▶ [PROBLEM DETAILS]:
Go through the data below and repeat it exactly, skipping each picture.

· · · · ·

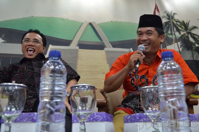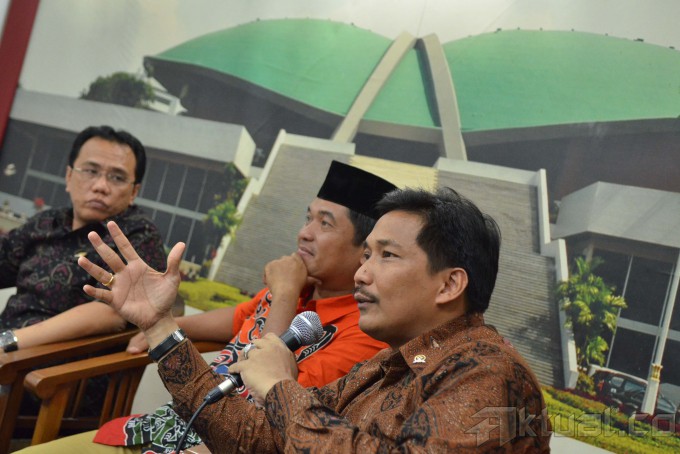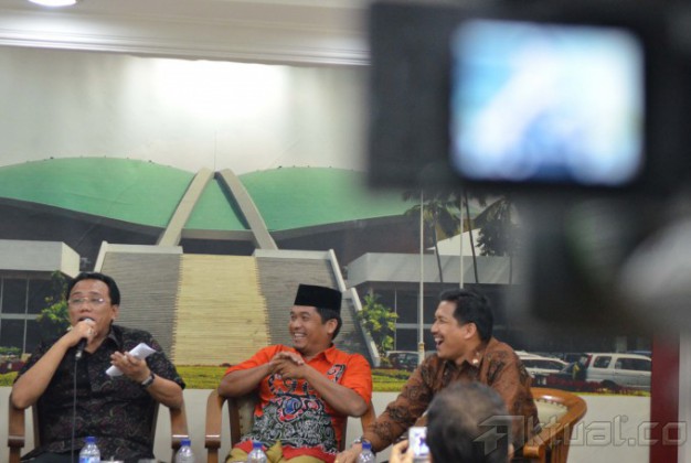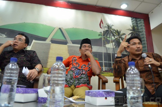 Anggota DPR Fraksi PPP Fadly Nursal (kiri) bersama Direktur Eksekutif Lingkar Madani Indonesia (LIMA) Ray Rangkuti (tengah) dan Anggota Fraksi Golkar Bowo Sidiq Pangarso (kanan) saat mengikuti Diskusi Dialektika Demokrasi yang bertema ” Mengukur Efektifitas Kinerja Dewan di Tengah Dualisme Fraksi/Parpol” di Pressrom Komplek Parlemen Senayan, Jakarta, Kamis (26/3/2015). AKTUAL/JUNAIDI MAHBUB
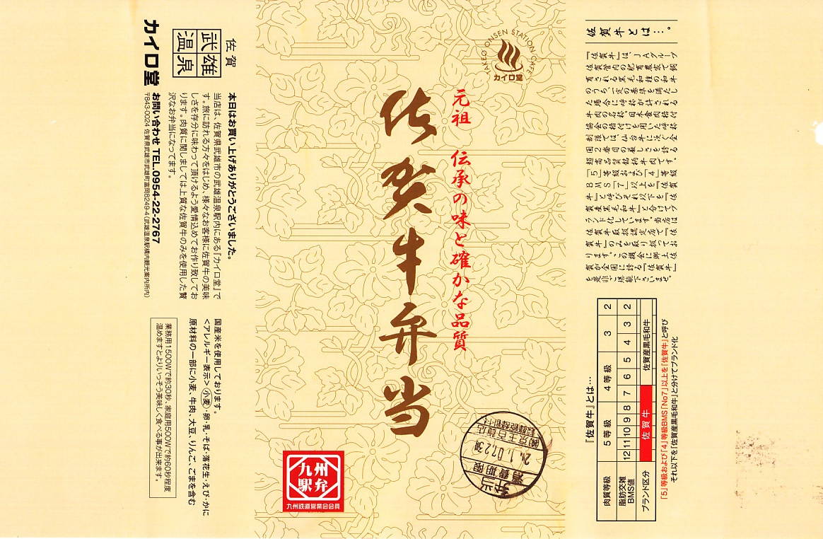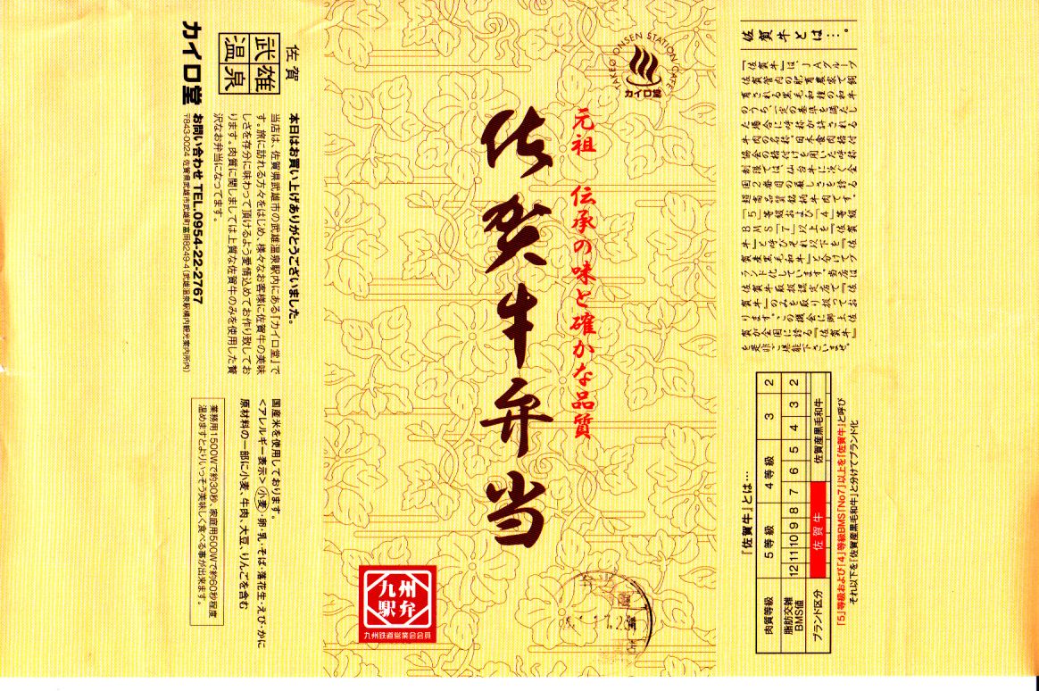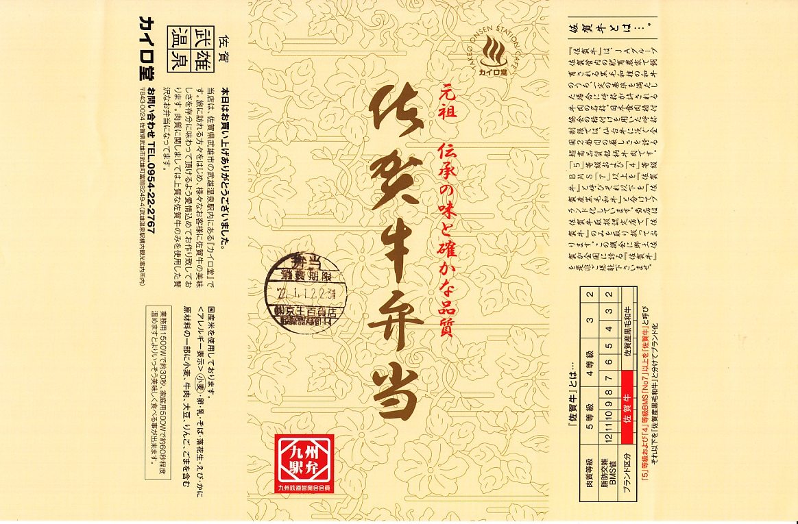 2012(平成24)年3月30日に購入した、武雄温泉駅弁の掛紙。上記の2022年のものと、書いてあることはおおむね変わらない。容器と中身は同じ。百貨店の催事場での実演販売では、この掛紙を使わず、「佐賀牛弁当」と書いた掛紙を使う。
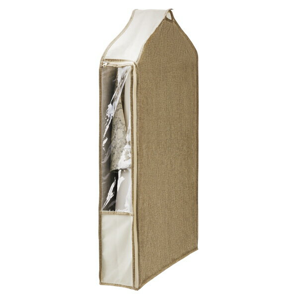 最大外寸(約) 幅16×奥行60×高さ100(cm) 材 質 本体:ポリエステル、ポリプロピレン不織布 透明窓:塩化ビニル樹脂 防虫剤ポケット:ポリエステル ジッパー:亜鉛合金 カラー ライトブラウン 定番のボックスタイプから、クローゼットにぴったりな吊り下げタイプ。
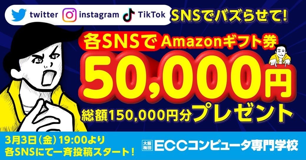 3月3日(金)19時よりECCコンピュータ専門学校のバズ企画始動!賞金総額15万円(Amazonギフト券)を獲得しよう!
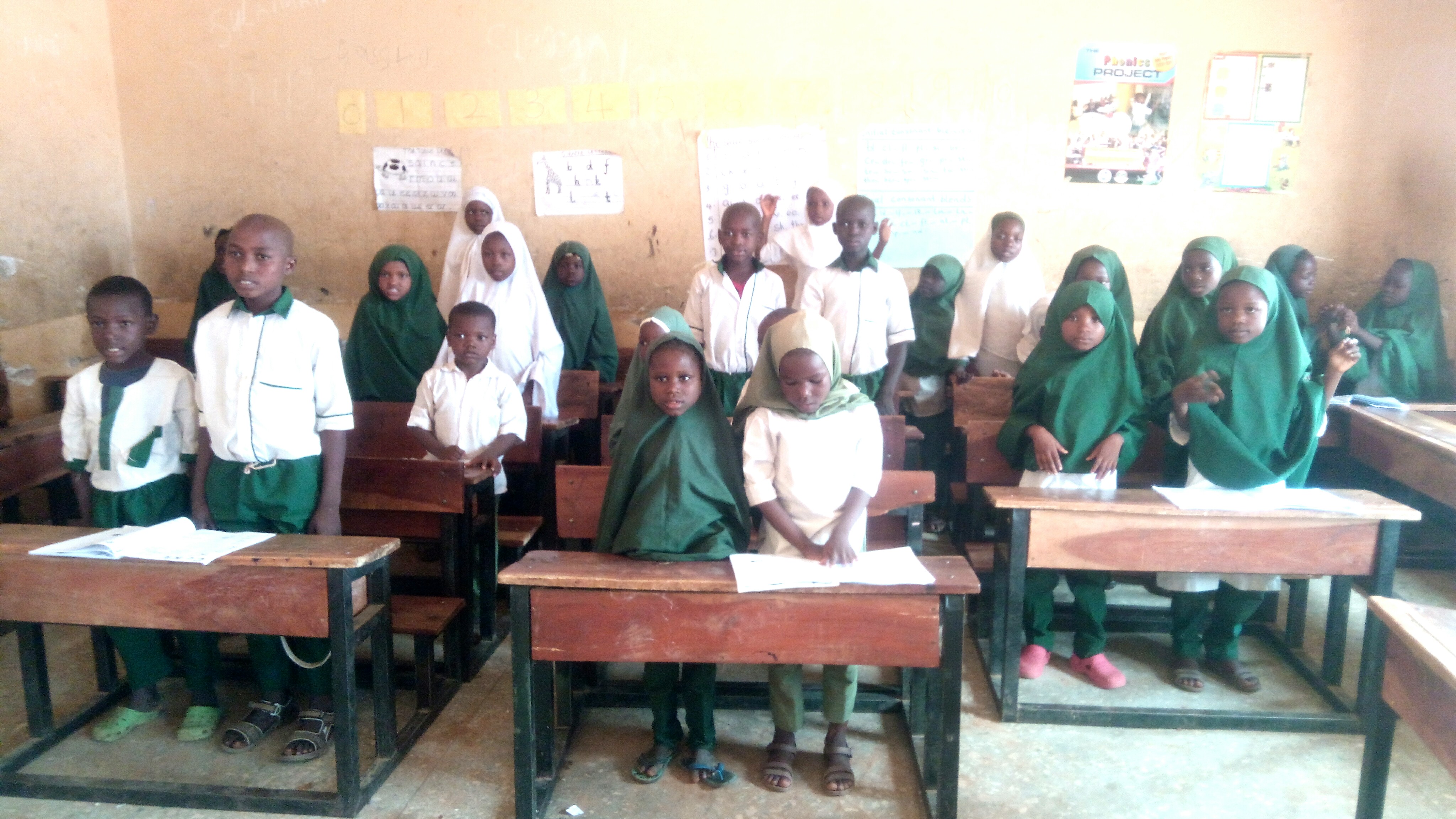 A primary one pupil of the school, Fauziya Abubakar, who demonstrated how to read and write simple words, said that she learned fast because the teachers use songs and sounds to teach them.
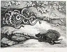 The hedgehog and the snake, alternatively titled The snakes and the porcupine, was a fable originated by Laurentius Abstemius in 1490. From the following century it was accepted as one of Aesop's Fables in several European collections.

· · · · ·

▶ [YOUR RESPONSE]:
 Anggota DPR Fraksi PPP Fadly Nursal (kiri) bersama Direktur Eksekutif Lingkar Madani Indonesia (LIMA) Ray Rangkuti (tengah) dan Anggota Fraksi Golkar Bowo Sidiq Pangarso (kanan) saat mengikuti Diskusi Dialektika Demokrasi yang bertema ” Mengukur Efektifitas Kinerja Dewan di Tengah Dualisme Fraksi/Parpol” di Pressrom Komplek Parlemen Senayan, Jakarta, Kamis (26/3/2015). AKTUAL/JUNAIDI MAHBUB
 2012(平成24)年3月30日に購入した、武雄温泉駅弁の掛紙。上記の2022年のものと、書いてあることはおおむね変わらない。容器と中身は同じ。百貨店の催事場での実演販売では、この掛紙を使わず、「佐賀牛弁当」と書いた掛紙を使う。
 最大外寸(約) 幅16×奥行60×高さ100(cm) 材 質 本体:ポリエステル、ポリプロピレン不織布 透明窓:塩化ビニル樹脂 防虫剤ポケット:ポリエステル ジッパー:亜鉛合金 カラー ライトブラウン 定番のボックスタイプから、クローゼットにぴったりな吊り下げタイプ。
 3月3日(金)19時よりECCコンピュータ専門学校のバズ企画始動!賞金総額15万円(Amazonギフト券)を獲得しよう!
 A primary one pupil of the school, Fauziya Abubakar, who demonstrated how to read and write simple words, said that she learned fast because the teachers use songs and sounds to teach them.
 The hedgehog and the snake, alternatively titled The snakes and the porcupine, was a fable originated by Laurentius Abstemius in 1490. From the following century it was accepted as one of Aesop's Fables in several European collections.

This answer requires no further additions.